**REQUIREMENT:** Apart from the pictures, which must be omitted, restate the data exactly.

**DATA BELOW:**
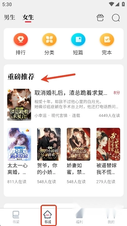 打开,用户们可以在书城页面推荐板块挑选最新最热门的小说
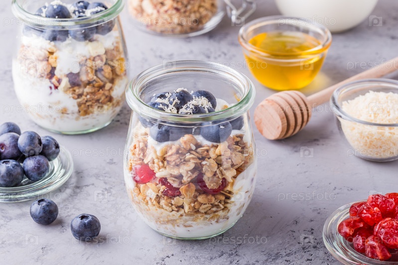 Здоровый завтрак - стеклянные банки овсяных хлопьев со свежими фруктами, йогуртом и медом
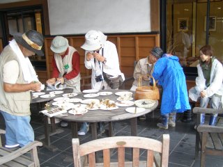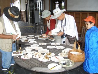 【左】冬虫夏草のツクツクボウシタケ 【右】梅の館の屋外ロビーで名前調べをしました

**REPLY TO THE TASK:**
 打开,用户们可以在书城页面推荐板块挑选最新最热门的小说
 Здоровый завтрак - стеклянные банки овсяных хлопьев со свежими фруктами, йогуртом и медом
 【左】冬虫夏草のツクツクボウシタケ 【右】梅の館の屋外ロビーで名前調べをしました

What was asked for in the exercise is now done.